Inazuka F, Sugiyama N, Tomita M, Abe T, Shioi G, Esumi H - J. Biol. Chem. (2012)

Bottom Line: Quantitative phosphoproteome analysis of soleus muscle was performed to understand the molecular mechanisms underlying the knock-out phenotype.Nuak1 mRNA was preferentially expressed in highly oxidative tissues such as brain, heart, and soleus muscle.Phosphoproteome analysis revealed that phosphorylation of IRS1 Ser-1097 was markedly decreased in NUAK1-deficient muscle.
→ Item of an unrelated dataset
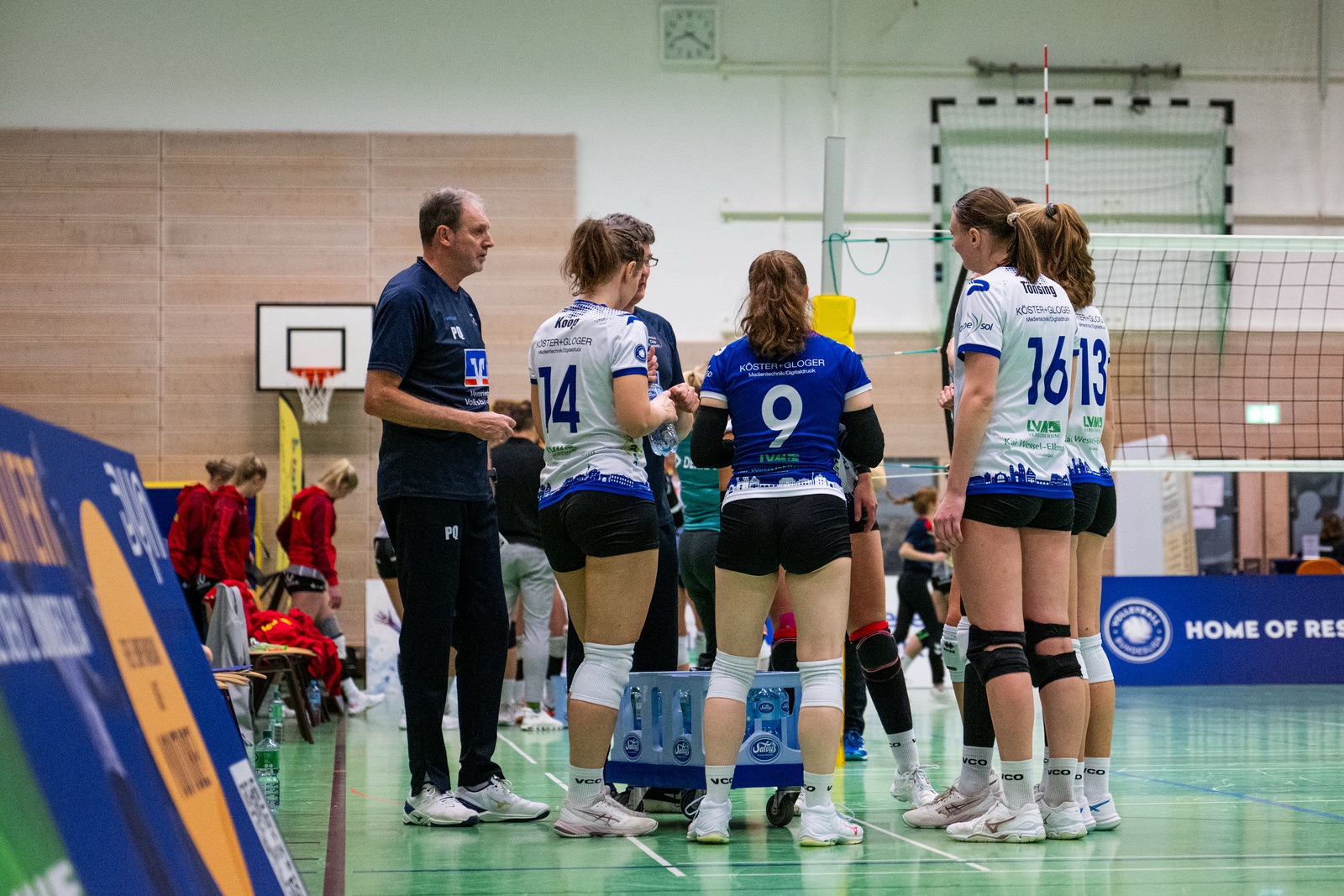 „Ich habe mich beim Matchball beim Aufspringen fast verletzt. Ich bin begeistert von der Art und Weise, wie wir gespielt haben. Wir waren flexibel, haben viel Disziplin gezeigt und konsequent gespielt.Heute war ein perfekter, schöner Tag für uns. – Ob Schwerin heute nicht seinen besten Tag gehabt hat? Der Verlierer macht nie sein bestes Spiel, das ist klar. Du musst die Mannschaft dann trotzdem so unter Druck setzen, dass sie auch tatsächlich verliert. Das haben wir geschafft. Wir mussten uns die Punkte erkämpfen, obwohl die immer wieder versucht haben, den Druck zu erhöhen. Das haben unsere Mädels sehr gut gemacht. – Nach dem ersten Satz haben wir uns gesammelt und gesagt, wir sind trotz der letzten Punkte von Schwerin dran und müssen die blöden Fehler wie Missverständnisse abstellen. Dann wird es laufen. Danach haben wir schließlich viel weniger einfache, individuelle Fehler gemacht. – Was den Block betrifft, das haben wir geübt. Schwerin hat lange Angreiferinnen, die technisch sauber angreifen. Das erleichtert, einen richtigen Block zu stellen. – Das Ergebnis bringt ein wenig Sicherheit in der Tabelle, aber für die nächsten Spiele in Münster bedeutet das nichts.“

View Article: PubMed Central - PubMed

Affiliation: Department of Integrated Biosciences, Graduate School of Frontier Sciences, The University of Tokyo, Kashiwa 277-8561, Japan.

ABSTRACT
NUAK1 is a member of the AMP-activated protein kinase-related kinase family. Recent studies have shown that NUAK1 is involved in cellular senescence and motility in epithelial cells and fibroblasts. However, the physiological roles of NUAK1 are poorly understood because of embryonic lethality in NUAK1 mice. The purpose of this study was to elucidate the roles of NUAK1 in adult tissues. We determined the tissue distribution of NUAK1 and generated muscle-specific NUAK1 knock-out (MNUAK1KO) mice. For phenotypic analysis, whole body glucose homeostasis and muscle glucose metabolism were examined. Quantitative phosphoproteome analysis of soleus muscle was performed to understand the molecular mechanisms underlying the knock-out phenotype. Nuak1 mRNA was preferentially expressed in highly oxidative tissues such as brain, heart, and soleus muscle. On a high fat diet, MNUAK1KO mice had a lower fasting blood glucose level, greater glucose tolerance, higher insulin sensitivity, and higher concentration of muscle glycogen than control mice. Phosphoproteome analysis revealed that phosphorylation of IRS1 Ser-1097 was markedly decreased in NUAK1-deficient muscle. Consistent with this, insulin signaling was enhanced in the soleus muscle of MNUAK1KO mice, as evidenced by increased phosphorylation of IRS1 Tyr-608, AKT Thr-308, and TBC1D4 Thr-649. These observations suggest that a physiological role of NUAK1 is to suppress glucose uptake through negative regulation of insulin signaling in oxidative muscle.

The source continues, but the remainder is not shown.